Start of Available records
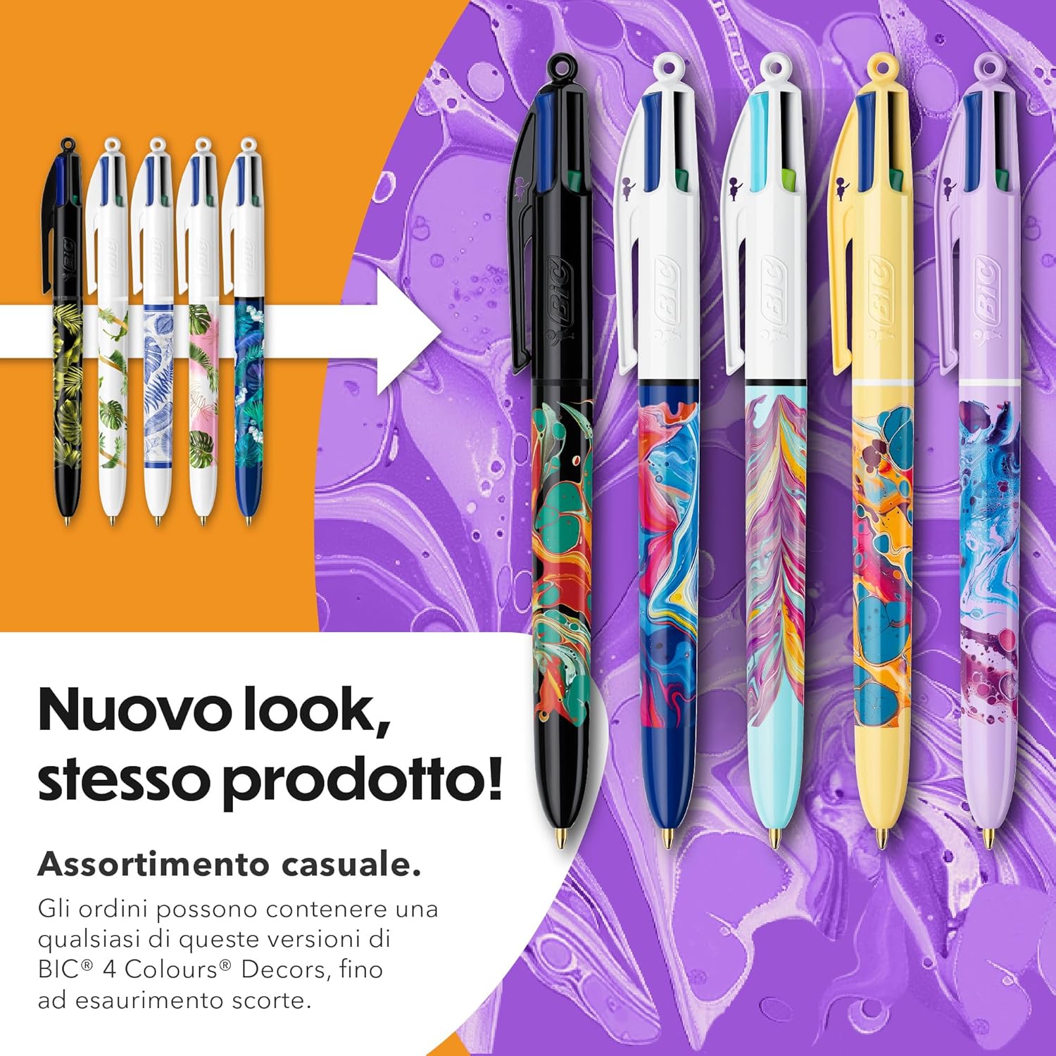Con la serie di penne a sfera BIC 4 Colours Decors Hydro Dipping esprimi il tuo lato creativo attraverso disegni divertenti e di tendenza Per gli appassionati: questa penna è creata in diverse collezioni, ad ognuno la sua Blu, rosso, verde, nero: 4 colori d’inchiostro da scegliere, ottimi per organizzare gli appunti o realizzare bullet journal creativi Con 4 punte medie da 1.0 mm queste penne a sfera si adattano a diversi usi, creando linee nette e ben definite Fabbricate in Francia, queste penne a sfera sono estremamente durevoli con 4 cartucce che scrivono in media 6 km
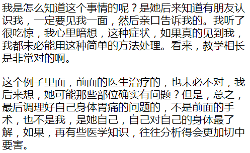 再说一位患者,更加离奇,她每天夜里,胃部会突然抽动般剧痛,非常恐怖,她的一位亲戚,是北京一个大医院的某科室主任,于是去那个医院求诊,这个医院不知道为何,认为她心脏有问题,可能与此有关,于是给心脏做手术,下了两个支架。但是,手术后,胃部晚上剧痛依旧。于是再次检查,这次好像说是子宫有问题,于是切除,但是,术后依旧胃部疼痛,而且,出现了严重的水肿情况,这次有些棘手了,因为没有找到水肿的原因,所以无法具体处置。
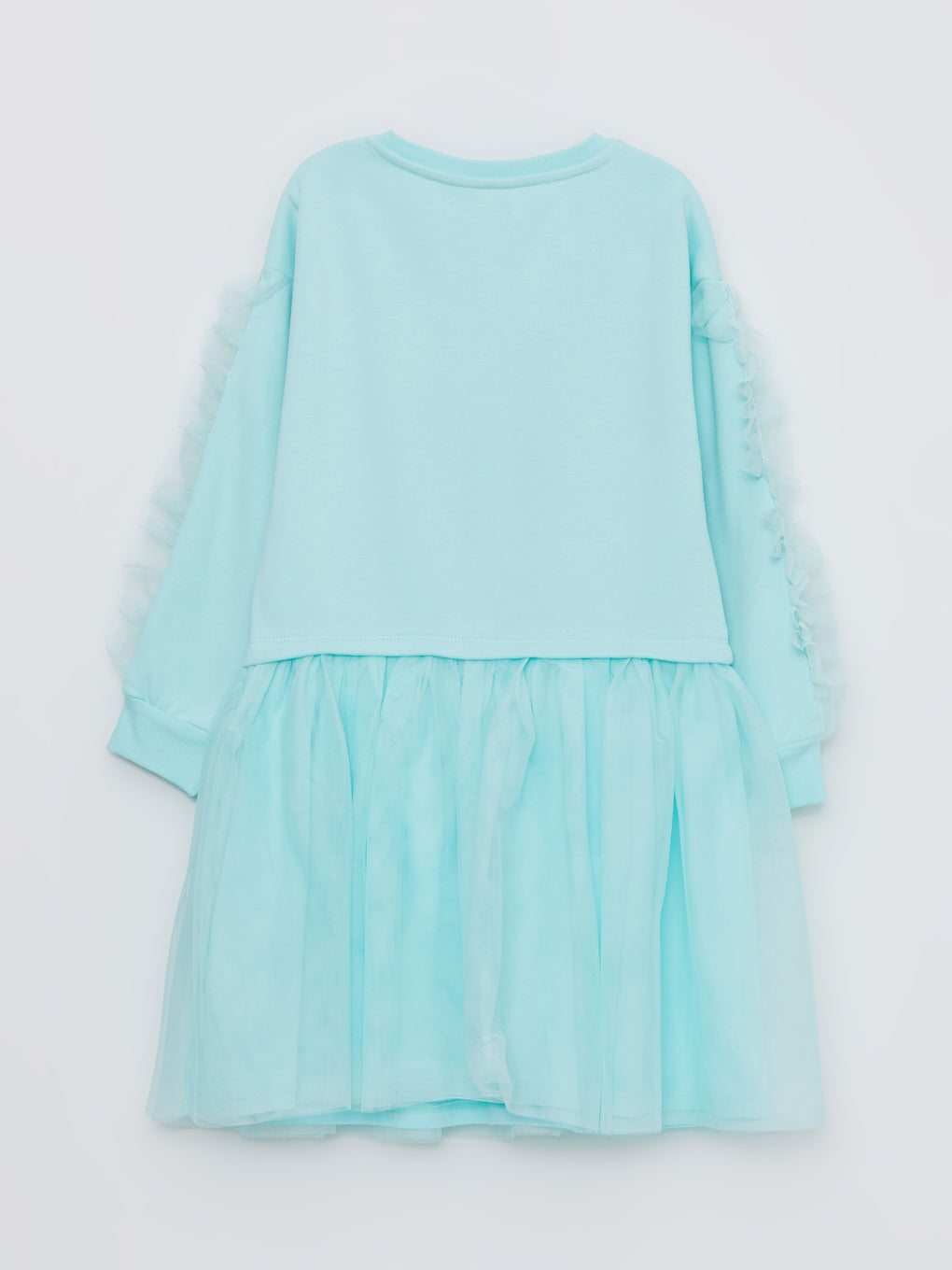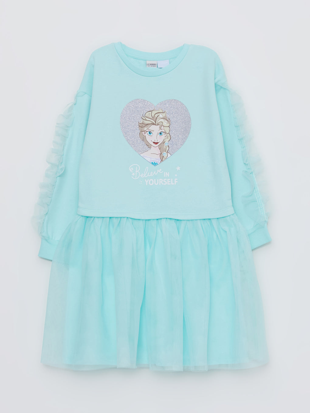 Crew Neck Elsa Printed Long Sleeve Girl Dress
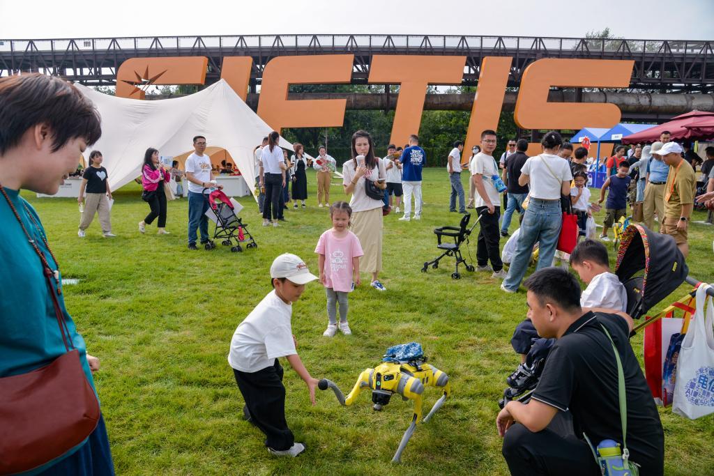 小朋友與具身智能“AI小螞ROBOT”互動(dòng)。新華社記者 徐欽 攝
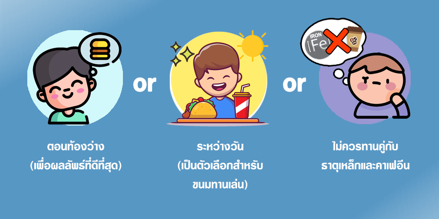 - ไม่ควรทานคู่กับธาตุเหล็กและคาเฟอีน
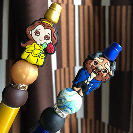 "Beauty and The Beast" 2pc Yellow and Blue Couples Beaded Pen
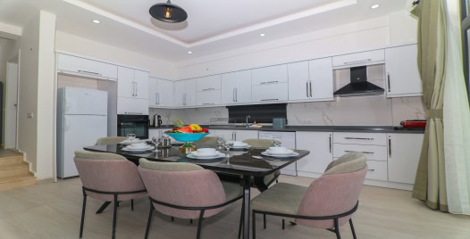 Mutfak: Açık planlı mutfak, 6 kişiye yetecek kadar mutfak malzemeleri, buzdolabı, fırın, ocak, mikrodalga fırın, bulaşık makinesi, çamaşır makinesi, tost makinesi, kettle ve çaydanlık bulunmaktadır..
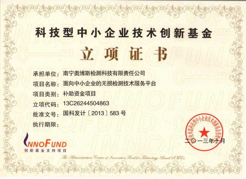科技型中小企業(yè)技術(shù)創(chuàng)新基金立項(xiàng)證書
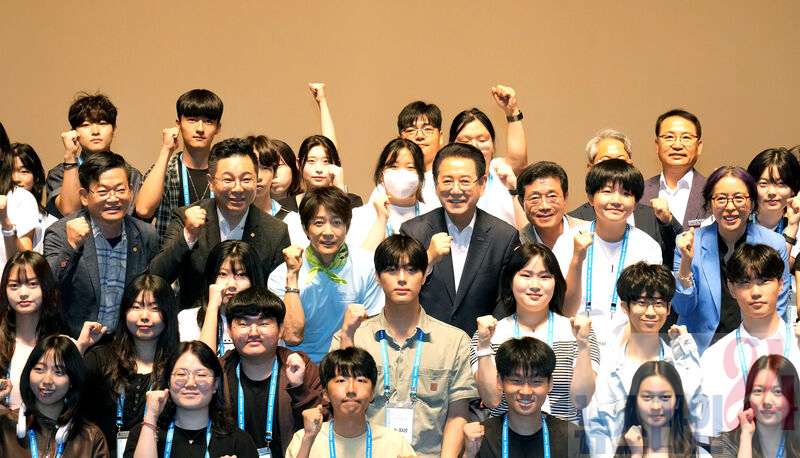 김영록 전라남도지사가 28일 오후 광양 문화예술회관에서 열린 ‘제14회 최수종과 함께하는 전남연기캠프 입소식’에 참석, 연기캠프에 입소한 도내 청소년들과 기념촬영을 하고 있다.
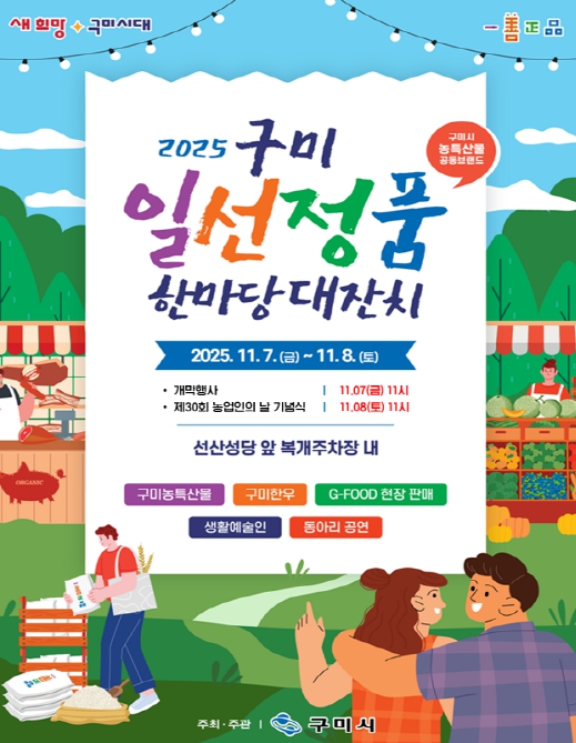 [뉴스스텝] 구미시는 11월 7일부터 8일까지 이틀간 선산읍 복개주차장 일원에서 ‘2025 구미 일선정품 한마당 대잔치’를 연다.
End of Available records
• [Your instructions]: Write the data above out again exactly, every line of it, and exclude the pictures.

• [Finished exercise]:
Con la serie di penne a sfera BIC 4 Colours Decors Hydro Dipping esprimi il tuo lato creativo attraverso disegni divertenti e di tendenza Per gli appassionati: questa penna è creata in diverse collezioni, ad ognuno la sua Blu, rosso, verde, nero: 4 colori d’inchiostro da scegliere, ottimi per organizzare gli appunti o realizzare bullet journal creativi Con 4 punte medie da 1.0 mm queste penne a sfera si adattano a diversi usi, creando linee nette e ben definite Fabbricate in Francia, queste penne a sfera sono estremamente durevoli con 4 cartucce che scrivono in media 6 km
 再说一位患者,更加离奇,她每天夜里,胃部会突然抽动般剧痛,非常恐怖,她的一位亲戚,是北京一个大医院的某科室主任,于是去那个医院求诊,这个医院不知道为何,认为她心脏有问题,可能与此有关,于是给心脏做手术,下了两个支架。但是,手术后,胃部晚上剧痛依旧。于是再次检查,这次好像说是子宫有问题,于是切除,但是,术后依旧胃部疼痛,而且,出现了严重的水肿情况,这次有些棘手了,因为没有找到水肿的原因,所以无法具体处置。
 Crew Neck Elsa Printed Long Sleeve Girl Dress
 小朋友與具身智能“AI小螞ROBOT”互動(dòng)。新華社記者 徐欽 攝
 - ไม่ควรทานคู่กับธาตุเหล็กและคาเฟอีน
 "Beauty and The Beast" 2pc Yellow and Blue Couples Beaded Pen
 Mutfak: Açık planlı mutfak, 6 kişiye yetecek kadar mutfak malzemeleri, buzdolabı, fırın, ocak, mikrodalga fırın, bulaşık makinesi, çamaşır makinesi, tost makinesi, kettle ve çaydanlık bulunmaktadır..
科技型中小企業(yè)技術(shù)創(chuàng)新基金立項(xiàng)證書
 김영록 전라남도지사가 28일 오후 광양 문화예술회관에서 열린 ‘제14회 최수종과 함께하는 전남연기캠프 입소식’에 참석, 연기캠프에 입소한 도내 청소년들과 기념촬영을 하고 있다.
 [뉴스스텝] 구미시는 11월 7일부터 8일까지 이틀간 선산읍 복개주차장 일원에서 ‘2025 구미 일선정품 한마당 대잔치’를 연다.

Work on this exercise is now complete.